Michigan State University GPA Calculator

Free MSU GPA calculator on the 4.0 numerical scale (0.0–4.0 in 0.5 steps) — compute your semester or cumulative GPA, then plan against Spartan graduation honors (percentile-based) and the latest-grade-wins repeat rule.

Your courses

Your Purdue GPA

Total Credits: Letter Grade:

Pick a grade and credits for at least one course to see your Purdue GPA.

How the Purdue GPA Calculator Works

Purdue University reports your performance as a grade point average on the 4.0 scale. Your GPA is a credit-weighted average, which means a grade in a 4-credit lecture counts more toward your GPA than the same grade in a 1-credit lab or recitation.

The math has three steps. First, each letter grade is converted to its Purdue grade point — an A or A+ is 4.0, an A- is 3.7, a B+ is 3.3, and so on down to an F at 0.0. Second, each grade point is multiplied by the course's credit hours to give the grade points earned. Third, the total grade points are divided by the total GPA-eligible credit hours.

GPA = Σ ( grade point × credit hours ) ÷ Σ ( credit hours )

Purdue uses a full plus/minus system, so selecting the exact grade matters — a B+ (3.3) and a B- (2.7) differ by 0.6 grade points per credit. Your official semester and cumulative GPA appear in MyPurdue; this tool is for estimating and planning before grades post.

Worked example

  • CHM 115 — grade A (4.0), 4 credits → 16.0 points
  • ENGL 106 — grade B+ (3.3), 3 credits → 9.9 points
  • MA 161 — grade A- (3.7), 5 credits → 18.5 points

Total = 44.4 points over 12 credits → GPA = 3.70.

Purdue Grading Scale

Purdue's letter grades and their grade points on the 4.0 scale. Both A+ and A are worth 4.0.

GradeGrade points
A+4.0
A4.0
A-3.7
B+3.3
B3.0
B-2.7
C+2.3
C2.0
C-1.7
D+1.3
D1.0
D-0.7
F0.0

Dean's List, Distinction & Highest Distinction at Purdue

Purdue uses three separate academic-recognition systems, and they have nothing to do with each other. Semester Honors recognises any term in which you take 12+ graded credits with a semester GPA of 3.5 or higher. Dean's List requires the same 3.5+ semester GPA plus a cumulative graduation index of 3.5 or above. Most semesters, students with one rough term qualify for Semester Honors but miss Dean's List because their cumulative slipped below 3.5.

Graduation honors are not GPA-based at Purdue — they are percentile-based by college.

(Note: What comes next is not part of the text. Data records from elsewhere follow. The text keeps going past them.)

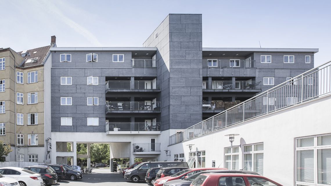 Wedged in between traditional Copenhagen blocks this project is located on Frederikssundsvej, which is a busy thoroughfare in Copenhagen. The building is light and airy with small balconies on the roadside and larger balconies facing the backyard, which highlights the use for living. This is further emphasized on the backside where the ground floor is extended perpendicular to the block, and a large recreational area on the roof terrace is thus created as an urban oasis in this busy and modern district.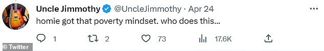 Comedian James Andre Jefferson Jr. reacted to the viral video, saying: ‘Baby hasn’t been in the world for longer than 28 minutes and you’re making it rain on your baby with some dirty a** money.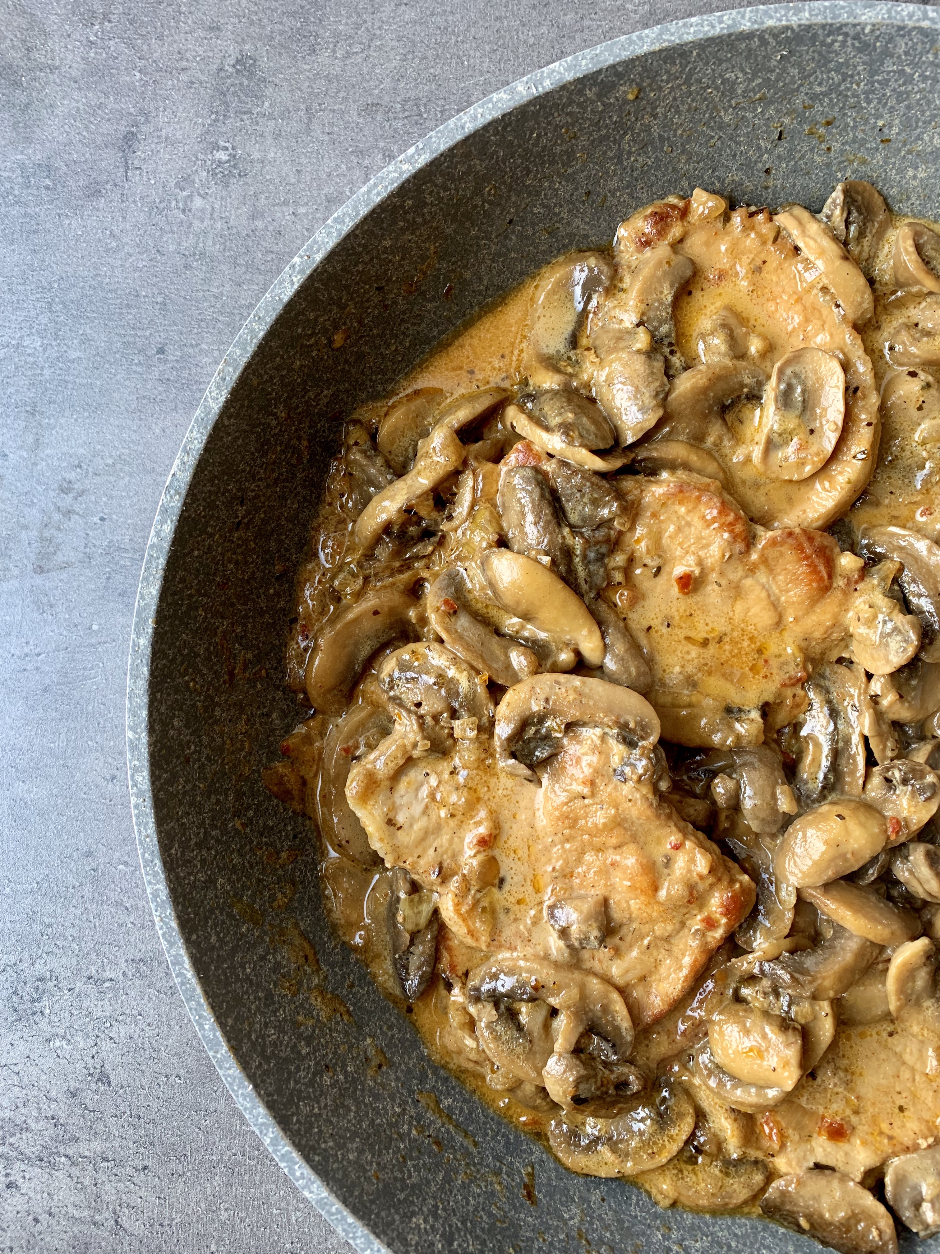Keto Mushroom Cream Sauce Keto Mushroom Cream Sauce : Return chops to the pan and reduce heat to low.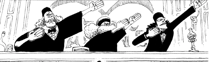 - ↑ 1,0 1,1 1,2 1,3 1,4 One Piece Manga — Vol. 18 Capítol 164, mini-història de portada: El paradís de ball d'en Jango Vol. 30, apareixen els tres jutges.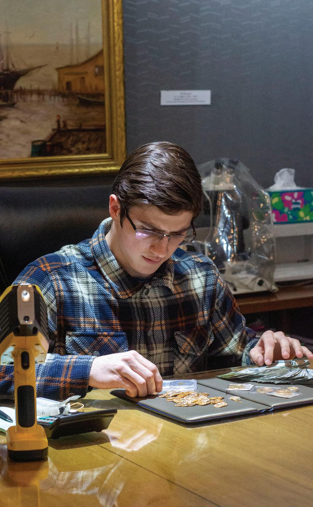 Michael Stanfield counts gold at Midwest Estate Buyers, where he works during his Work Based Learning time on Feb. 2. Photo by Lilly Steele.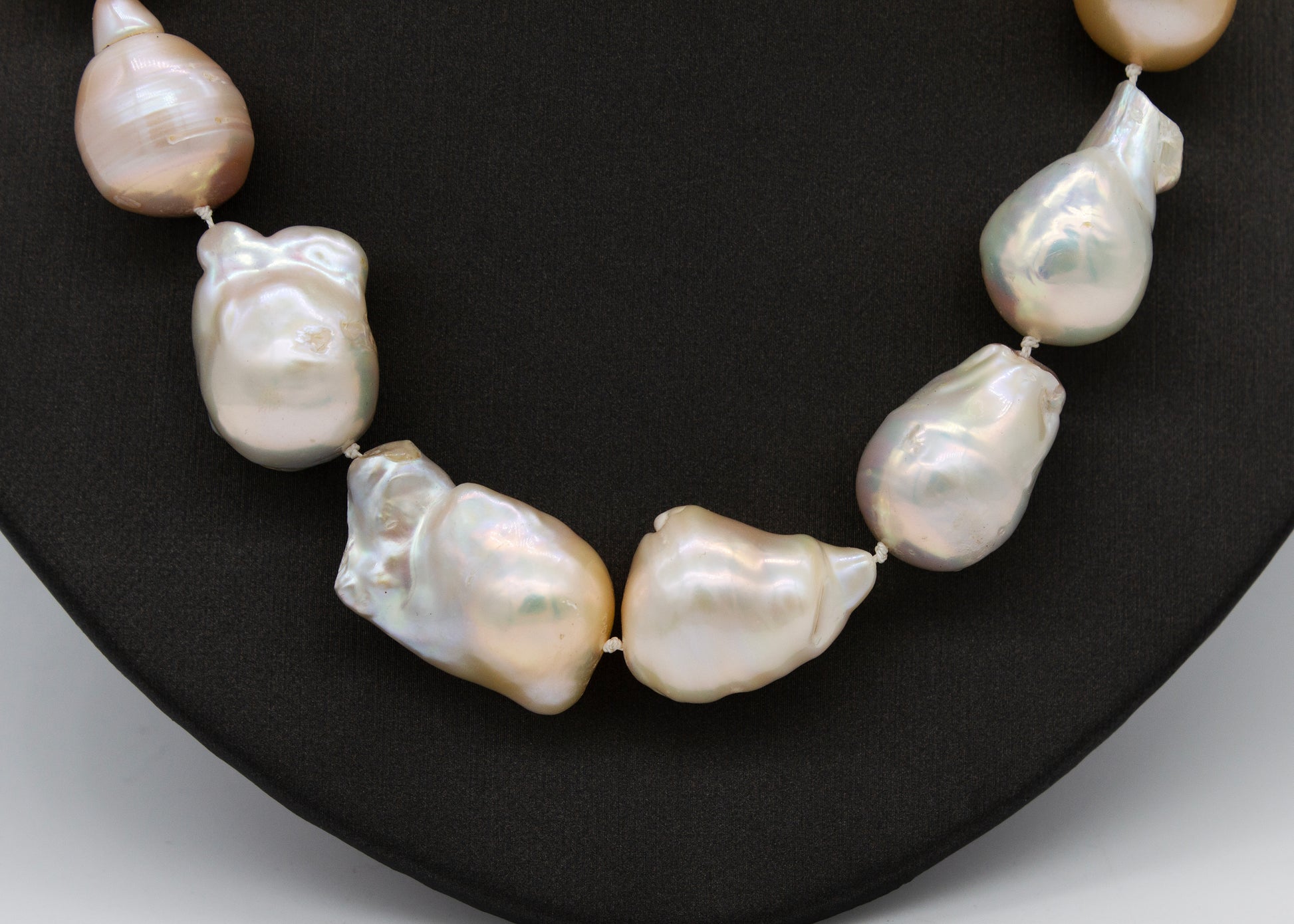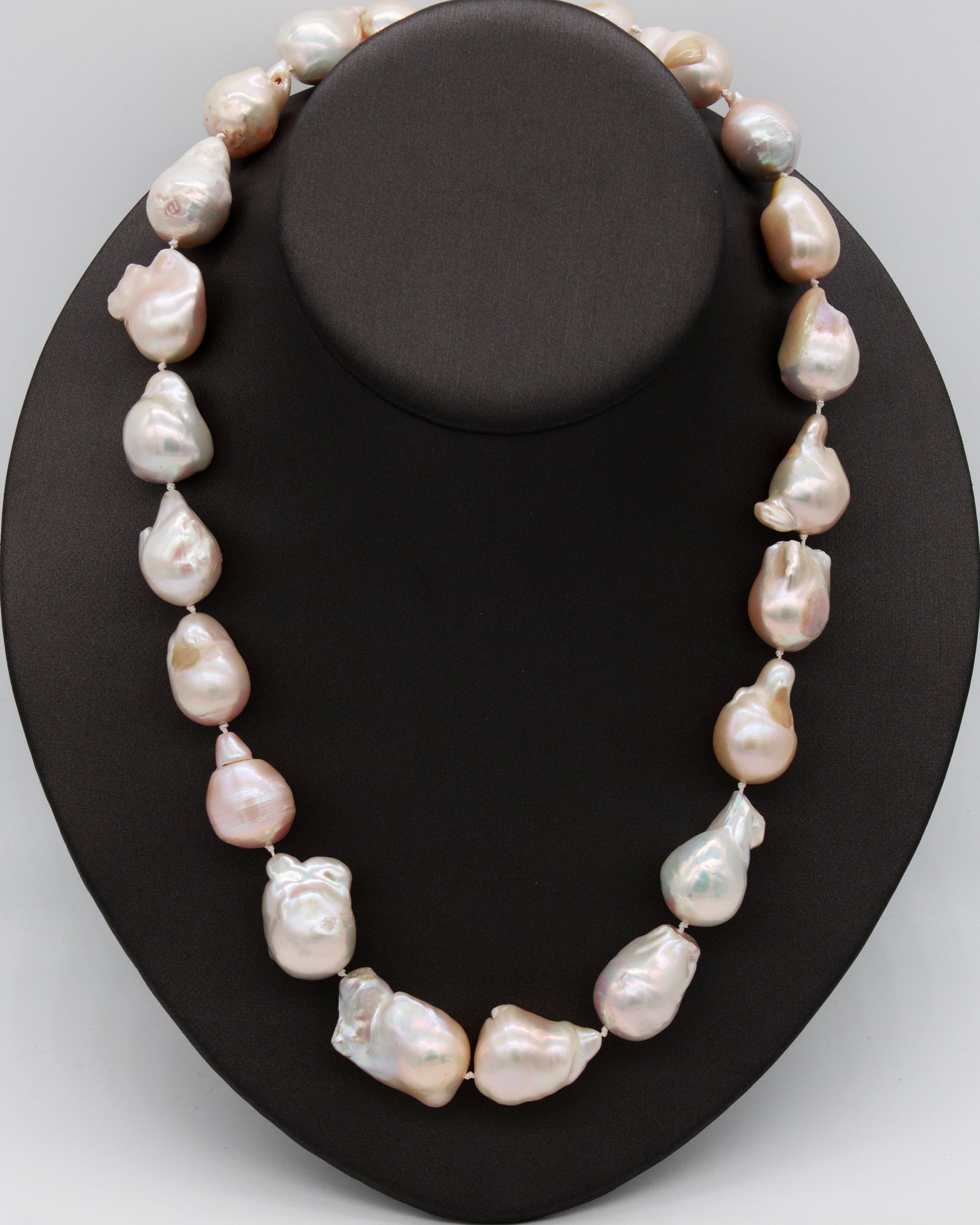 Baroque Freshwater refers to baroque pearls that are cultured in freshwater environments. Baroque pearls are irregularly shaped, meaning they don’t have the traditional round form. Instead, they can be elongated, teardrop-shaped, or asymmetrical, making each one unique.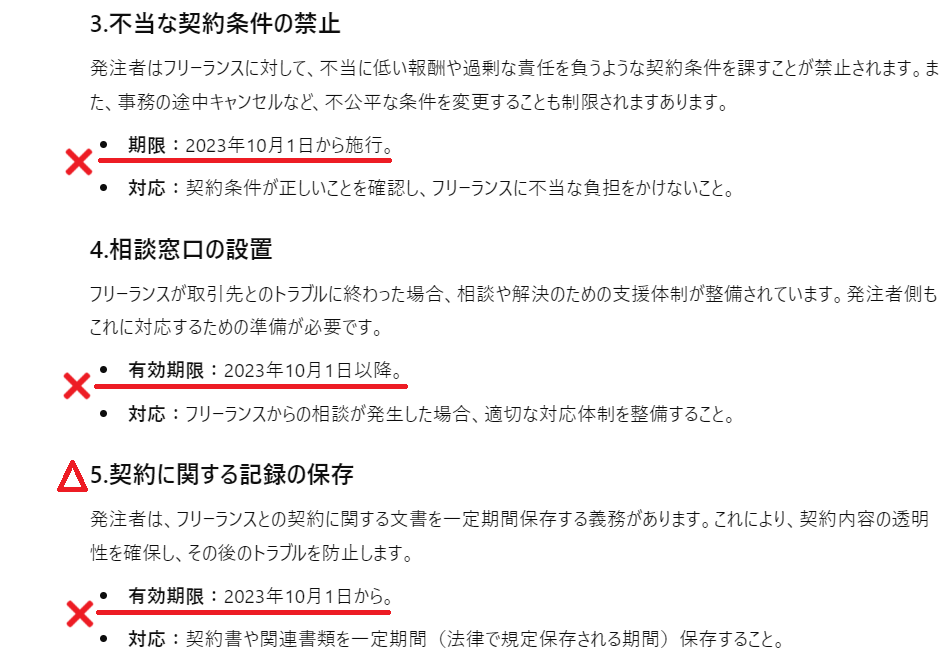 - 「契約に関する記録の保存」は法律上必要ですが、フリーランス新法によって今回新しく定められたものではありません。
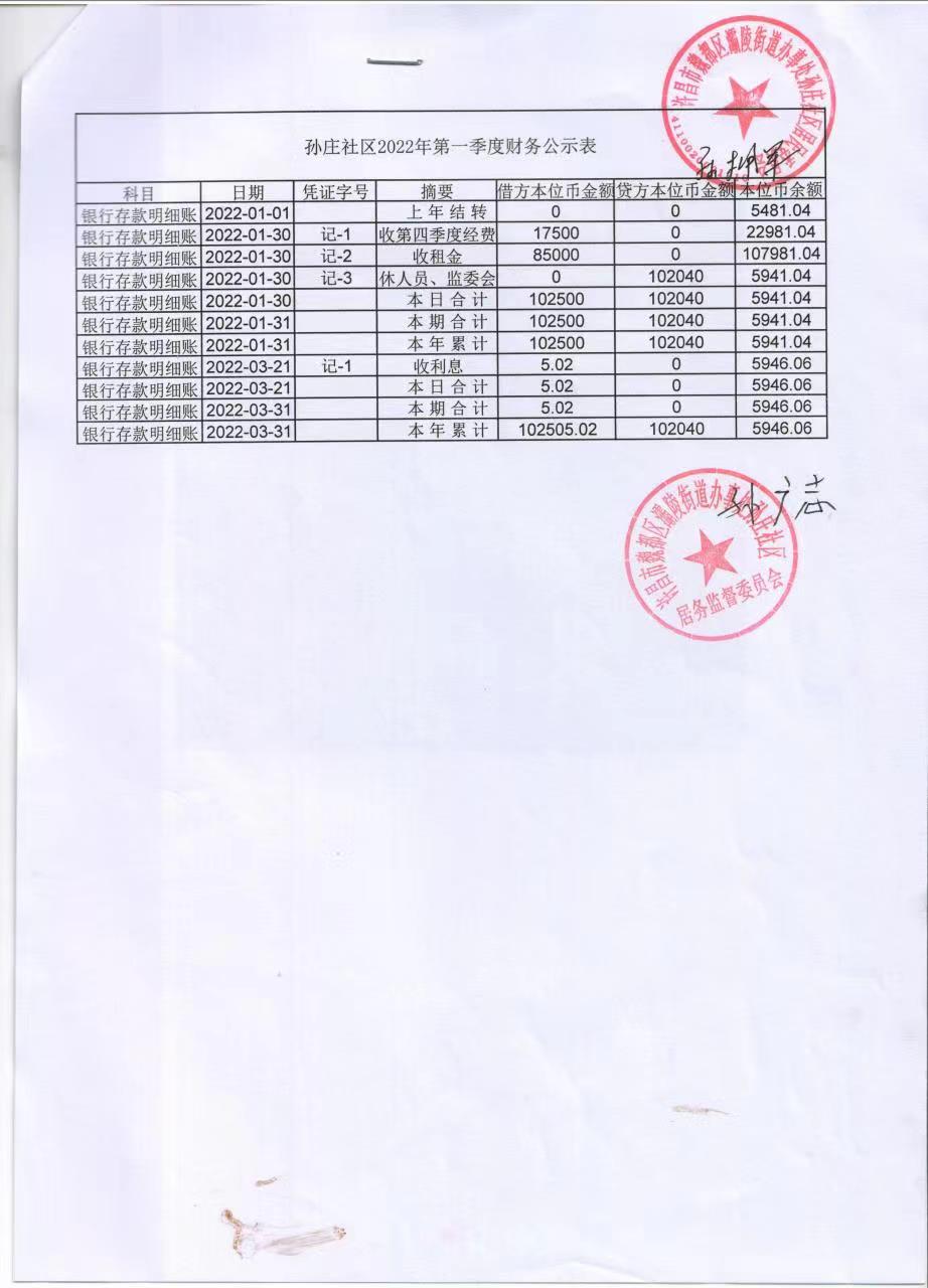 灞陵办事处孙庄社区2022年第一季度银行存款公示表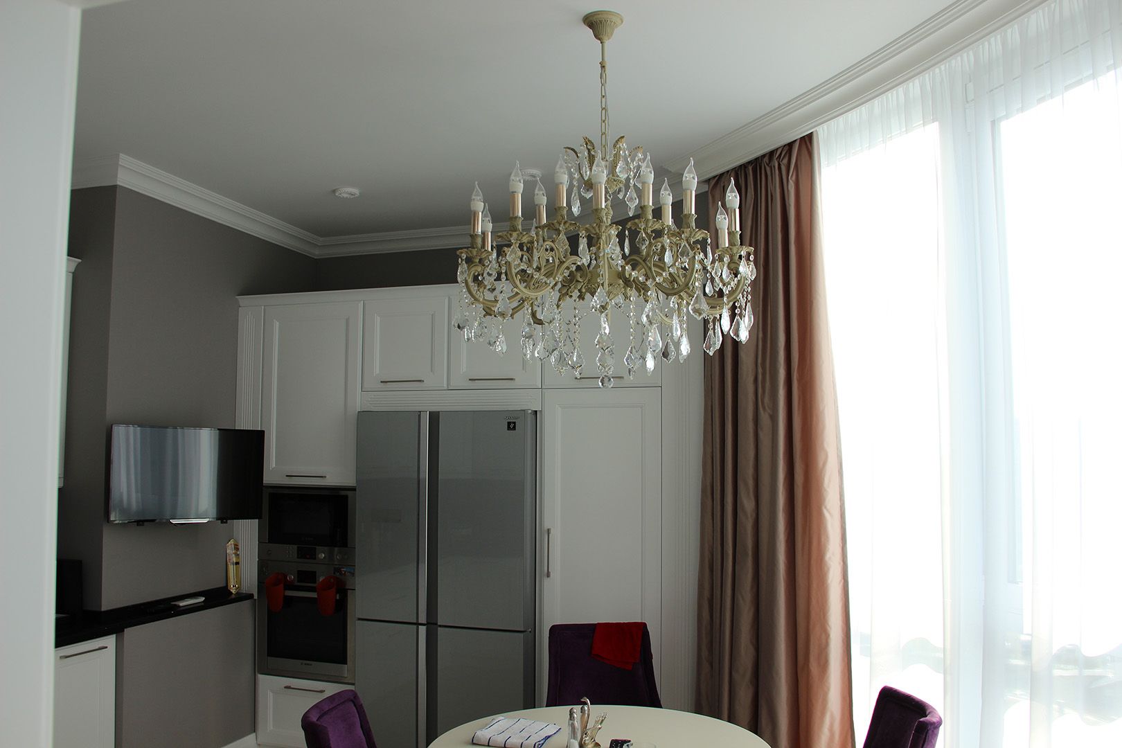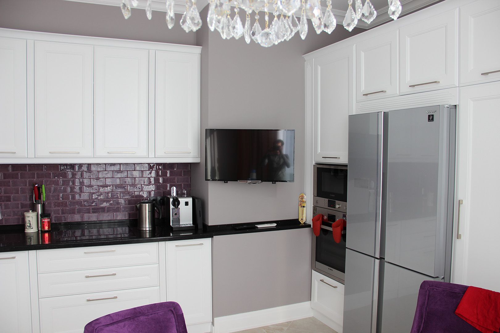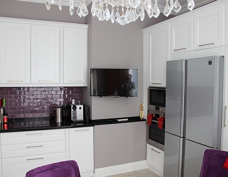 Благодаря продуманному дизайну, небольшая площадь кухни и ее нетрадиционная форма не стали помехой, поэтому в комнате уместилось всё самое нужное: гарнитур со встроенной бытовой техникой, телевизор и обеденная зона с круглым столом. Кухонный фартук облицевали мелкоразмерной плиткой в фиолетовом цвете.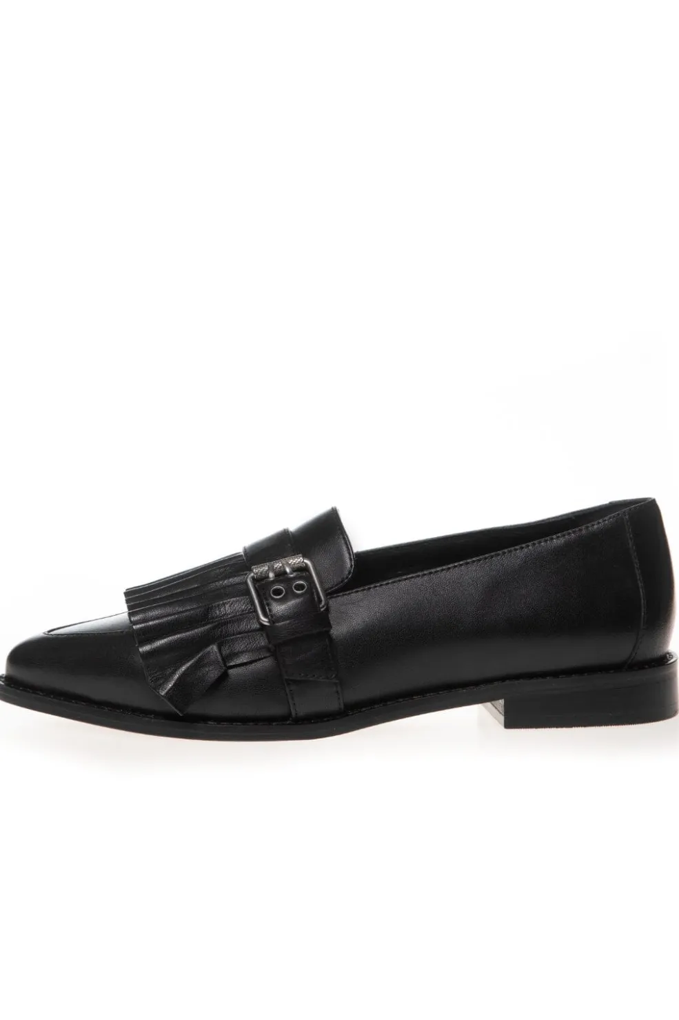 Sort lædersko med frynser og spænde fra Copenhagen Shoes. Den spidse tå og flade hæl giver skoen et klassisk udtryk, der passer til både kontoret og festen.

The top 10% of your graduating class within your college or school earns Distinction. The top 30% within that Distinction group (so roughly the top 3% overall) earns Highest Distinction. As a rough guide Purdue publishes, the GPA floor for Highest Distinction is around 3.98 for a bachelor's degree and 3.74 for an associate's, but the actual cutoff floats every year with your class.

Practical implication: if you're chasing Distinction, the number that matters is your rank inside your college, not a fixed 3.8 or 3.9. A 3.85 in the College of Engineering might miss Distinction in a strong cohort while a 3.78 in a smaller college clears it. Talk to your academic advisor each year for your current rank percentile.

How to Recover a Low Purdue GPA — With the Math

Purdue's index is credit-weighted, so the lift you get from one strong semester depends on how many credits you've already taken. The formula is: new GPA = (old credits × old GPA + new credits × new semester GPA) ÷ (old credits + new credits). With our calculator above you can model this in seconds; here's the intuition.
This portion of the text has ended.